■ EXERCISE BRIEF ■
Please produce a character-exact copy of the listing that follows, omitting all images.

BEGIN INFORMATION SHOWN

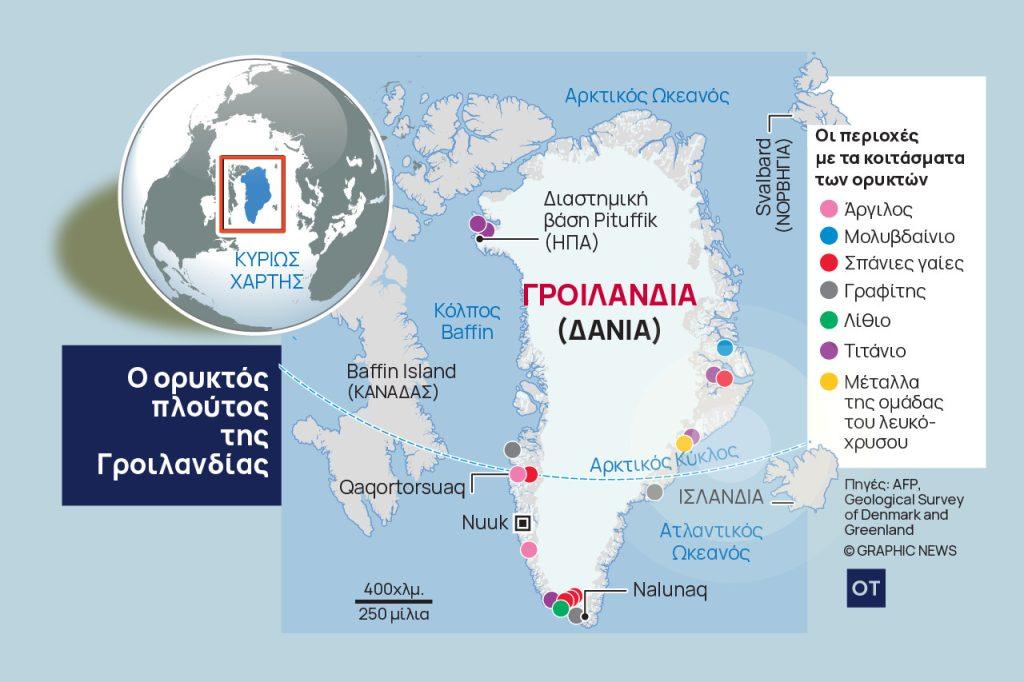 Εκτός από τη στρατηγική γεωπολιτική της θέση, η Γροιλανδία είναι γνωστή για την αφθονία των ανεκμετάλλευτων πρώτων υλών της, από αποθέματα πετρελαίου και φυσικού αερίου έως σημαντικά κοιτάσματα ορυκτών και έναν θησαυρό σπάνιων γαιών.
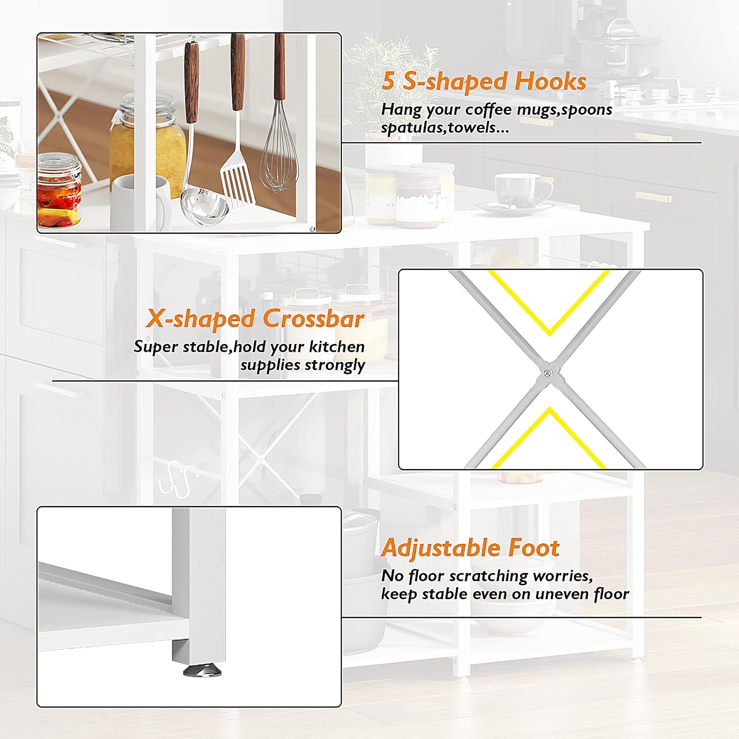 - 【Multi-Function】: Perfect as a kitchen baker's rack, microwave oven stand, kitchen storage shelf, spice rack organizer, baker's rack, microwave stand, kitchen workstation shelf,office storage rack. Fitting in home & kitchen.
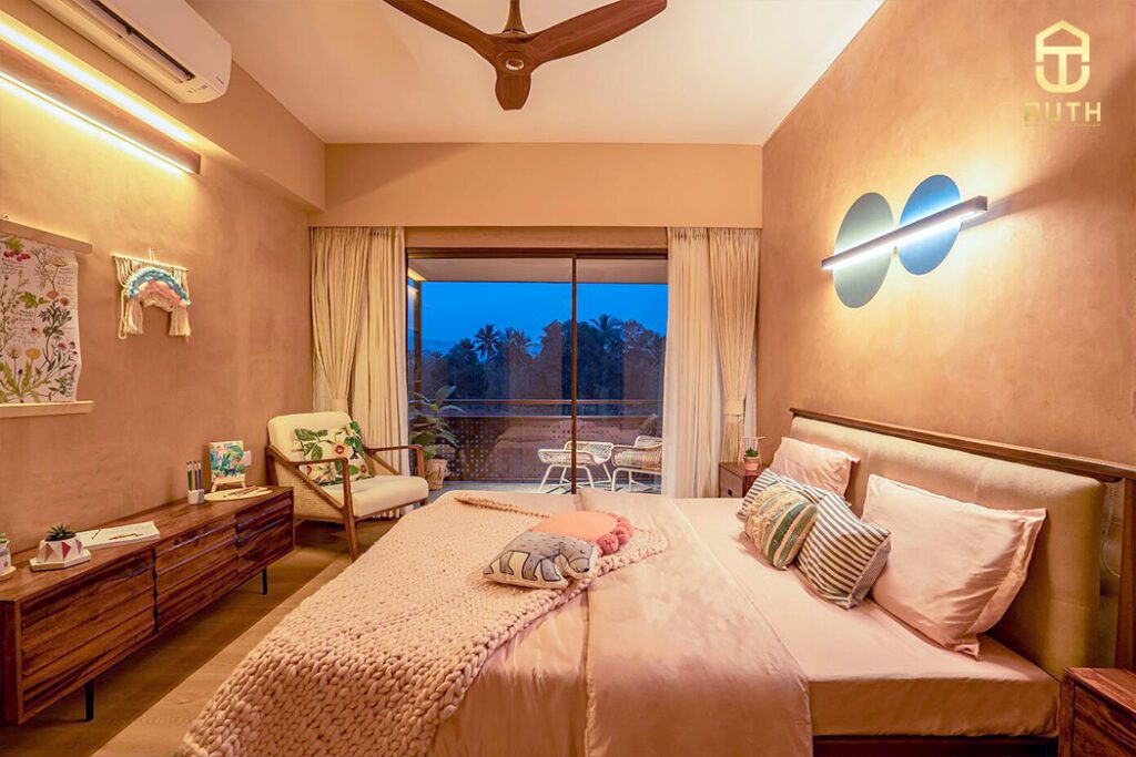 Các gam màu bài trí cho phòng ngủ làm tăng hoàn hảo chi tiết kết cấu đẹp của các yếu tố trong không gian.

END INFORMATION SHOWN

■ REPLY ■
 Εκτός από τη στρατηγική γεωπολιτική της θέση, η Γροιλανδία είναι γνωστή για την αφθονία των ανεκμετάλλευτων πρώτων υλών της, από αποθέματα πετρελαίου και φυσικού αερίου έως σημαντικά κοιτάσματα ορυκτών και έναν θησαυρό σπάνιων γαιών.
 - 【Multi-Function】: Perfect as a kitchen baker's rack, microwave oven stand, kitchen storage shelf, spice rack organizer, baker's rack, microwave stand, kitchen workstation shelf,office storage rack. Fitting in home & kitchen.
 Các gam màu bài trí cho phòng ngủ làm tăng hoàn hảo chi tiết kết cấu đẹp của các yếu tố trong không gian.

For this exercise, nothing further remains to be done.